После долгих и мучительных раздумий Петре наконец решился.
– Ладно, влепи ему...
Да тот, с широким веснушчатым лбом, был не дурак.
– Ну его... Он же левша, а левши сумасшедшие все.
Вагон хохотал. А тем временем его, хохотавшего, прицепили к составу, и Молдавия двинулась домой. Сидя на корточках, перечитывают свежие, только что полученные документы. Считают по пальцам ранения, окопы и товарищей, с которыми уезжали из дому. Развязывают солдатские мешки, достают цветные платочки, размышляют вслух: кому бы его подарить? Теще, что ли, отдать? Ну да, черта с два, получит теща платок! Проживет небось и без подарка. Но, подумав, вздыхают: все-таки надо будет отдать теще.

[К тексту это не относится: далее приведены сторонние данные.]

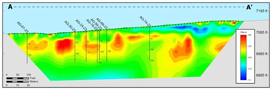 Figure 2. Inverted Resistivity Profile from A-A’. ERT data from 2023 at the Agate Site. Resistors (red/yellow) colors represent the sandstone interval hosting the uranium roll front deposit. AG-16-23 is interpreted to be near the nose of the uranium roll front. ERT assists with identifying the roll front sand unit but gives less direct information about the chemical reactivity of the redox condition at the roll-front. This research is encouraged by initial Induced Polarization (IP) testing near and within these boreholes to provide information about the chemical reactivity of the roll front.

Колеса стучат, в маленьком окошечке товарного вагона замелькали оголенные верхушки деревьев. Паровоз, воинственно отдуваясь, подбадривал сам себя, и солдаты, уморившись, прикорнули на своих нарах. Уже почти уснули, когда солдат с большим веснушчатым лбом спросил тихо, дрогнувшим голосом:
– Ну а вдруг она вышла замуж?
Они были его товарищами, они должны были ему посоветовать, как быть, если она вдруг вышла замуж. Они видели, как наступал он по полям в промокшей солдатской шинели, они перевязывали его раны, они хорошо знали эту девушку по его рассказам.
Сна как не бывало. Весь вагон начал разбирать самую старую из всех проблем, волновавших человека. Трагедии чередовались с комедиями. Вот, к примеру, возвращается солдат домой и находит жену в постели с соседом. Это раз. Или, скажем, ты вернулся, а на твоей шее вместо двух ребятишек повисло трое. Жена клянется, что самый младший ужас как похож на твоего дедушку, а сам ты, меткий стрелок, смотришь на него так, краешком глаза и видишь, что и нос и глаза как-то не пошли ни в ее родню, ни в твою, а подались по совершенно другим окраинам.
Вагон и плачет и смеется. Только низенький ефрейтор с детской озорной улыбочкой, безучастный ко всему, обходит товарищей, заманивающе пощелкивая колодой новеньких пластмассовых карт. Солдатам некогда играть, они сочиняют трагедии, но Мирче не хочется, чтобы девушка в белой кофточке слышала все эти соленые солдатские непристойности, и он протягивает руку ефрейтору.
– Дай четыре туза.
Карты новые, очень красивые. Они тоже как-то озорно улыбаются. Ефрейтор стоит в позе жуликоватого картежника, прикидывающегося начинающим.
– Что козырь?
Ефрейтор пожимает плечами: бог его знает? Сам раздавал карты и сам не знает, какая масть козырная.
– Давай я их раздам.
А колеса стучат, вокзалы вихрем несутся мимо, солдат начинают разбирать хозяйские заботы. Сколько стоит хорошая лошадь и во что обходится корм? Кто что слышал о колхозах – почему в одном хорошо, а в другом тоже хорошо, но уже в другом плане? Запахло свежей пахотой, запели степные жаворонки, но Мирча старательно раздает карты:
– Бубны козырь.
Он не успел обсудить все эти дела с девушкой в белой кофточке, а с другими не хочется говорить об этом. Но он не расстраивается: эта девушка большая умница, они что-нибудь придумают вместе. Толковое что-нибудь.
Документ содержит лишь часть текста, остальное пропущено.